Ninguém lhes disse para não o fazerem
Estudos recentes sugerem que cerca de metade de todos os trabalhadores do conhecimento estão a utilizar ferramentas de IA que os seus empregadores não aprovaram. Metade. Isto significa que qualquer política que a tua organização tenha - se é que tem alguma - já está a ser ultrapassada pelo comportamento que se destina a governar.
A razão não é a rebeldia. A maior parte das pessoas que utilizam ferramentas de IA não autorizadas não o fazem para contornar os controlos de segurança. Fazem-no porque não sabiam que existia uma regra, ou porque um colega estava a utilizar a mesma ferramenta, o que consideraram ser uma aprovação institucional. Se o gerente do meu gerente está a usar abertamente o ChatGPT em reuniões, certamente que já foi autorizado? E a versão gratuita faz a mesma coisa que a paga, certo? Então, porquê fazer um pedido de aquisição quando a ferramenta está ali mesmo, num separador do browser?
Estas são conclusões inteiramente lógicas tiradas de informações incompletas. A falha não está no julgamento dos teus empregados. Está na tua comunicação.

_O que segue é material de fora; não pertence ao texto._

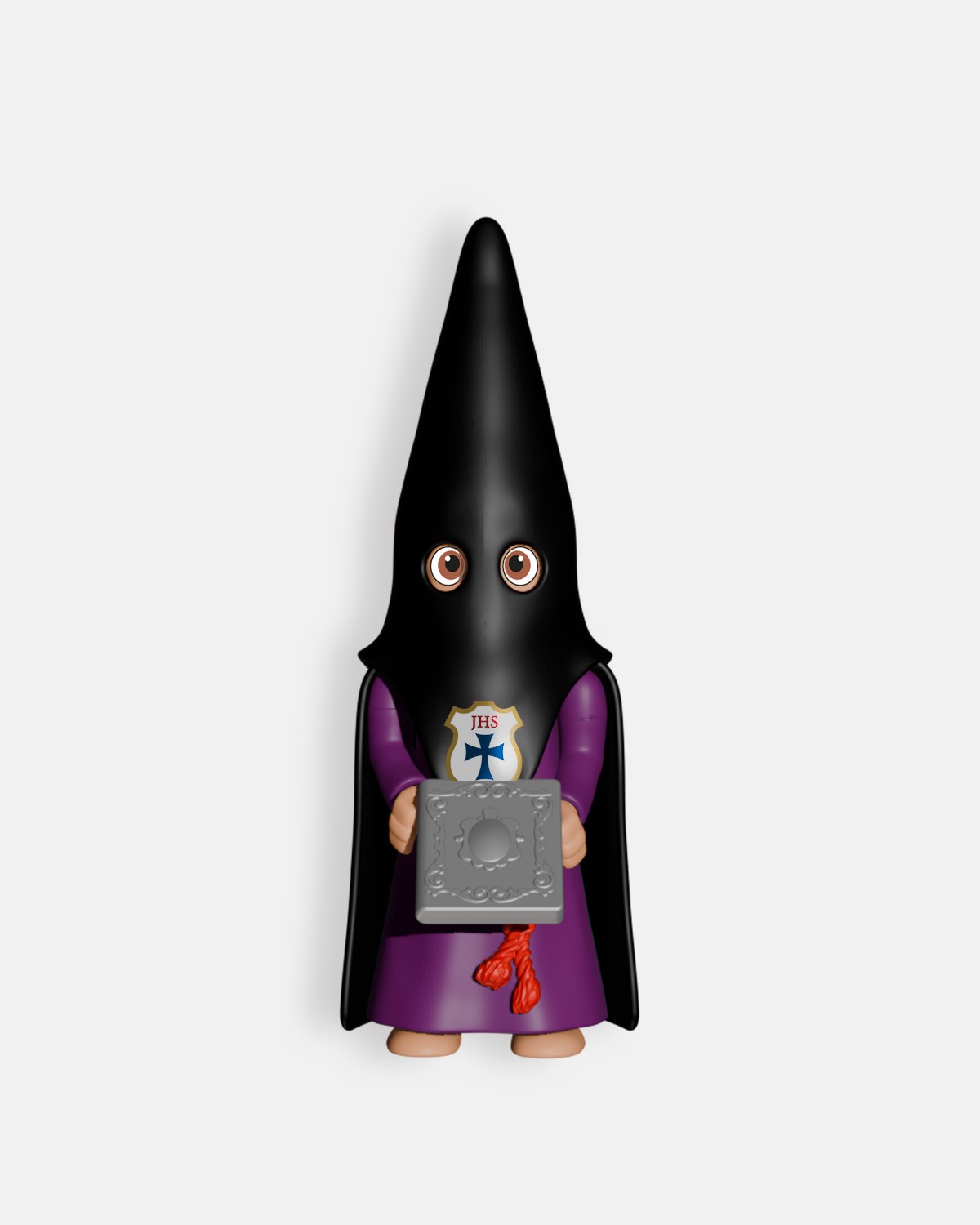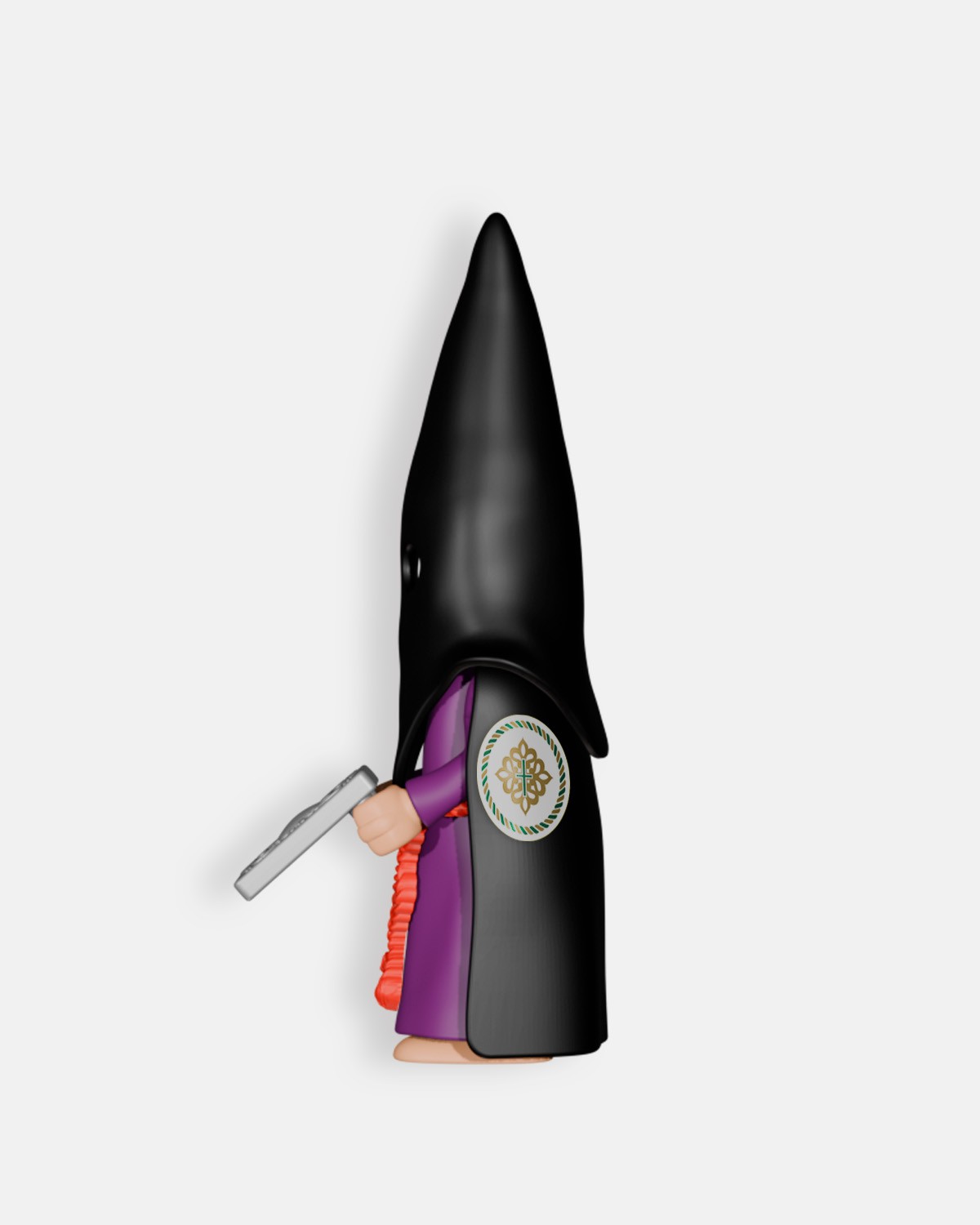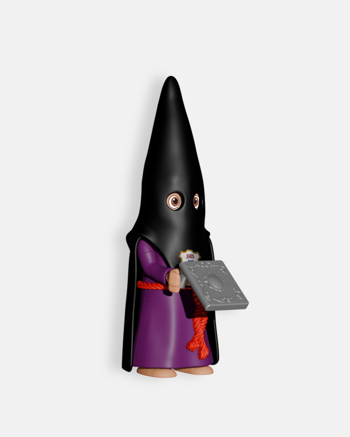 Fabricado con materiales duraderos, este muñeco refleja con precisión los elementos típicos de los nazarenos negros, incluyendo la túnica morada, capa negra, antifaz negro y cíngulo rojo, y el Libro de Reglas, diseñado para evocar los desfiles procesionales de manera fiel y elegante.

A outra metade do problema
Fora do escritório, a mensagem que os teus empregados estão a receber é clara e inequívoca: adopta a IA ou fica para trás. Utiliza estas ferramentas ou vê a tua carreira tornar-se irrelevante. Todas as manchetes, todas as conferências de líderes, todos os artigos de fôlego sobre a IA que está a tirar empregos dizem-lhes para andarem mais depressa, experimentarem mais, ficarem à frente da curva. Depois chegam ao trabalho e descobrem que o caminho aprovado envolve um formulário de aquisição, uma análise de TI e uma espera de seis semanas por uma licença.
A mensagem interna é o silêncio. A mensagem externa é a urgência existencial. É exatamente nessa colisão que nasce a IA sombra.
O que está realmente a sair pela porta
O risco não é a ferramenta. É o que é introduzido nela.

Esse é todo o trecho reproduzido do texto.